/13 min read

ADEPT: A dataset for evaluating prosody transfer

We published two papers at Interspeech this year (hooray 🎉). The first, Ctrl-P provides interpretable, temporally-precise, and disentangled control of prosodic features in TTS, and you can read more about it in its accompanying blog post here. This blog post covers our second paper, ADEPT, whose related dataset can be found on Zenodo. For a step-by-step guide on how to perform an ADEPT evaluation, refer to our tutorial.

In the ADEPT paper, we propose a new system of evaluation for English prosody transfer in text-to-speech (TTS). By prosody transfer (PT) we mean the process of transferring the prosody from a natural reference speech sample onto generated synthesised speech, usually with the aim of making the synthesis more expressive. The aim of our proposal is two fold:

  1. We want to establish a benchmark of expected performance of PT models.
  2. We want to create a system by which PT models can be compared against each other.

But a bit of background first.

How has prosody transfer been evaluated in the past?

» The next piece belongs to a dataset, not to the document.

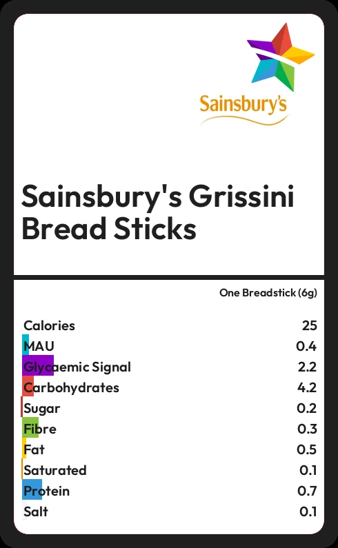 Sainsbury's Grissini Bread Sticks contains 24.7 calories in one Breadstick (6g).

One common method for PT evaluation is the anchored prosody side-by-side (AXY) test, introduced in Skerry-Ryan et al. 2018, in which listeners rate a reference sample A on a 7-point scale of closeness between two samples: a baseline X and the model-generated Y. We see this method in other works, including Battenberg et al. 2019, and Gururani et al. 2020. Though such a method can clearly show improvement over a baseline, it is susceptible to cherry-picked references. For example, if a model is particularly good at transferring duration, and all the reference samples are sentences in which grammatical pauses matter prosodically, this model will score quite high in an AXY task, signifying that it is great at PT, even if it is poor at transferring F0.

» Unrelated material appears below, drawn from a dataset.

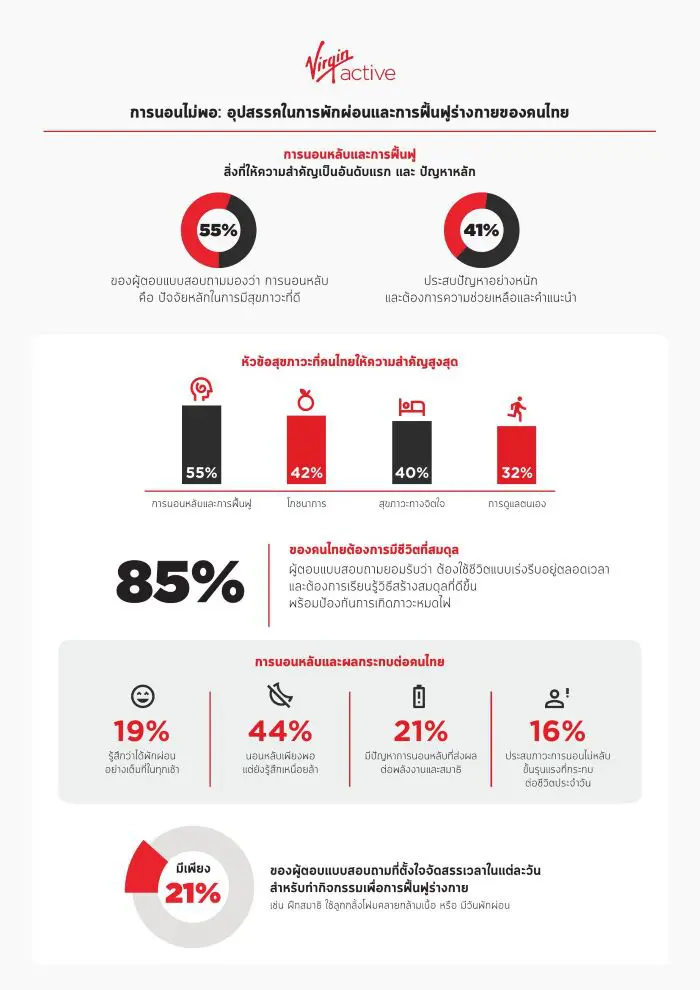 ผลสำรวจยังชี้ให้เห็นว่าปัญหาการนอนเป็นเรื่องปกติที่พบได้ทั่วไป โดยมีผู้ตอบแบบสอบถามน้อยกว่า 1 ใน 5 (19%) เท่านั้นที่ระบุว่าตนเองรู้สึกพักผ่อนได้เต็มที่ทุกเช้า ขณะที่กว่า 1 ใน 3 (37%) ยอมรับว่าปัญหาการนอนส่งผลกระทบอย่างมีนัยสำคัญต่อพลังงานและความสามารถในการมีสมาธิในแต่ละวัน แม้จะมีความตระหนักถึงปัญหาดังกล่าว แต่กลับมีเพียง 21% ของผู้ตอบแบบสอบถามเท่านั้น ที่ตั้งใจจัดสรรเวลาสำหรับการฟื้นฟูร่างกายและจิตใจในแต่ละวัน เช่น การทำสมาธิ การคลายกล้ามเนื้อด้วยการใช้โฟมโรลเลอร์ หรือการมีวันหยุดพักผ่อน

Karlapati et al. 2020 overcome this problem by using linguists to evaluate their samples on five aspects of speech related to prosody: rhythm, emphasis, syllable length, melody, and loudness. Though effective, this method is expensive; trained linguists are hard to come by, which results in fewer overall evaluators. Additionally, such a method might be hard to scale across languages other than English, if there are even fewer native-speaking linguists in the target language.

We’ve also seen some researchers use naturalness MOS scores as a proxy for successful transfer, including Sun et al. 2020. But naturalness and prosody are two different aspects of speech. For example, you can have high naturalness with limited prosody (i.e. a monotonic assistant voice). Therefore we don’t believe MOS for naturalness is a sufficient metric for PT.

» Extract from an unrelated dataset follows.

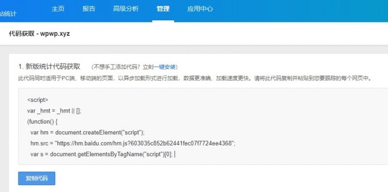 提交域名后,我们就会得到一段Javascript统计代码,接下来我们需要做的就是把这段统计代码安装到WordPress中,点击按钮复制代码

Perhaps my favourite subjective evaluation we’ve seen is that proposed by Lee et al. 2019, who claim that successful transfer of a song demonstrates successful transfer of prosody. Though this is a compelling proposal because pitch is fundamental to a song melody, F0 is not the only acoustic cue to prosody, as we discuss in the next section.

Ultimately, such a variety of evaluation methods demonstrates a clear lack of consistency in what is meant by prosody in the context of prosody transfer. Such a lack of clarity encumbers progress in this field, because improvements are very hard to measure.

But not to worry! In the following section, we introduce several prosodic phenomena in detail, and their perceivability, that one may encounter in prosody transfer tasks. In subsequent sections, we explain how we recorded samples of these phenomena, and used these natural recordings to determine appropriate evaluation designs based on such perceivability. Finally, we show how these evaluation designs can be used to evaluate PT models.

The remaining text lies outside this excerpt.